The reality is according to a post on X from a person who broke the news about her condition before the media did so apparently has some sort of inside information Kate has known she has cancer since January and started chemo after the surgery. She most likely did that at the hospital since it might be traumatizing for the younger children to do it at home and she didn't want to travel back and forth every day.
Kate didn't want to admit to the public she had cancer. In the initial statement they denied it was cancer. They had to admit it yesterday because unfortunately people got access to her records and it was being shopped around to media publications so she had no choice. According to "sources close to Kate" who spoke to US and People (they're not tabloids and usually have legit sources) she didn't want to tell even people close to her and decided to keep it private. She had no plans to tell the public that they knew about. Unfortunately Kate was being unrealistic. One of the most famous women in the world can't hide for several months without generating conspiracy theories.
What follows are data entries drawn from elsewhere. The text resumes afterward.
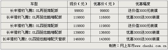 飛騰采用三菱最新研制的超級(jí)四輪驅(qū)動(dòng)系統(tǒng),使飛騰全身充滿活力。具有強(qiáng)勁的動(dòng)力性能和較好的平穩(wěn)性能。并且,具有低燃耗等優(yōu)點(diǎn)。近日根據(jù)網(wǎng)上車市價(jià)格監(jiān)測(cè)系統(tǒng)顯示,目前上海地區(qū)購(gòu)買長(zhǎng)豐獵豹累計(jì)最高優(yōu)惠6000元。具體車型售價(jià)見(jiàn)下表: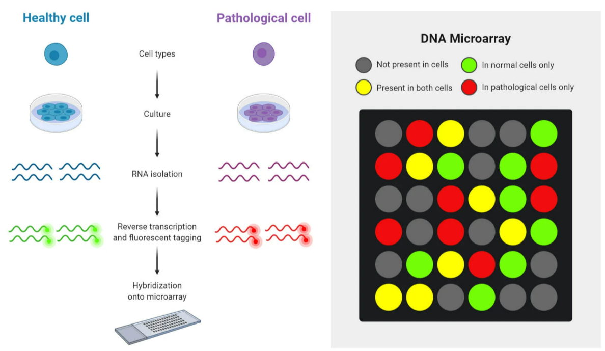 - Microarrays can compare gene activity between healthy vs diseased cells, different stages of development, or cells under different conditions (e.g., stressed vs normal).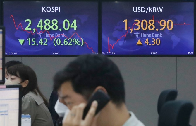 이미지 확대보기10일 한국거래소에 따르면 오전 9시 56분 현재 코스피는 전 거래일 대비 0.82%(20.41포인트) 떨어진 2483.05을 기록하고 있다.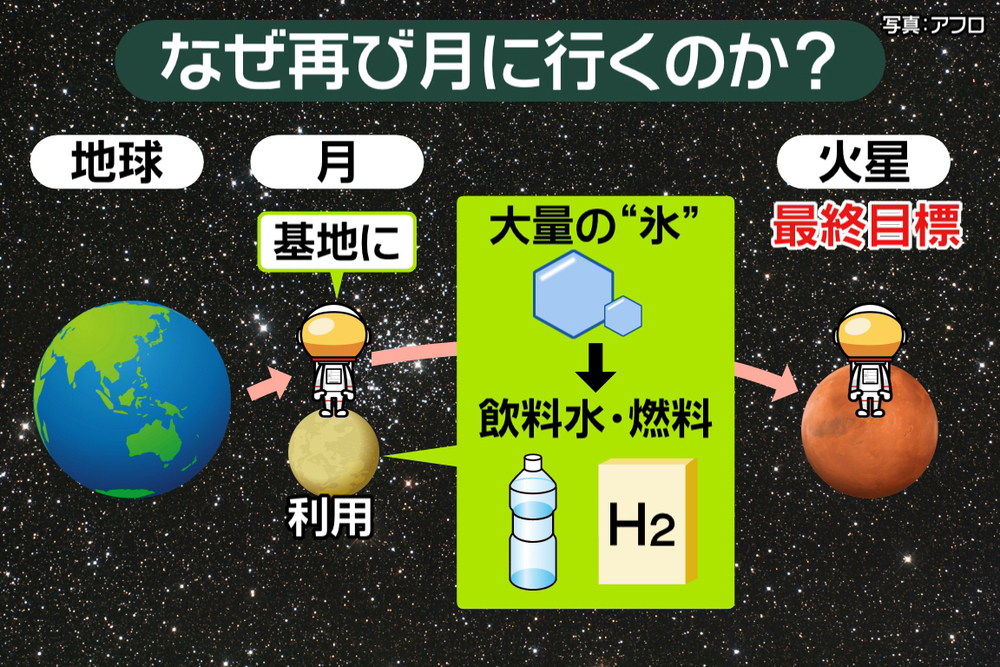 実は、近年になって月には大量の「氷」があることがわかってきたので、

Kate has photoshopped pictures before. I don't know why so many people think it was Palace officials who forced her to photoshop the mother's day picture. It doesn't take much physical exertion to use photoshop. I believe she did and she apologized for it. She couldn't blame other employees when they didn't have anything to do with it. Nobody "forced her to take the blame" for the picture.
The point is her PR people can't divulge confidential medical information. The only way to handle this was to be honest from the beginning back in January. "The Princess of Wales had surgery and is undergoing treatment for cancer. Please respect her privacy." That's it. (Assuming the insider's belief that she knew it was cancer back in January is true but she seemed to be wearing a wig in the photo in the car so don't believe she is only now beginning treatment)
It's a horrible sad situation. But Kate is known to be stubborn and probably isn't the passive easily intimidated person people are portraying her to be. There is no way her PR team could have done anything differently when she wanted the public to believe it was simply "recovery from abdominal surgery" and nothing else.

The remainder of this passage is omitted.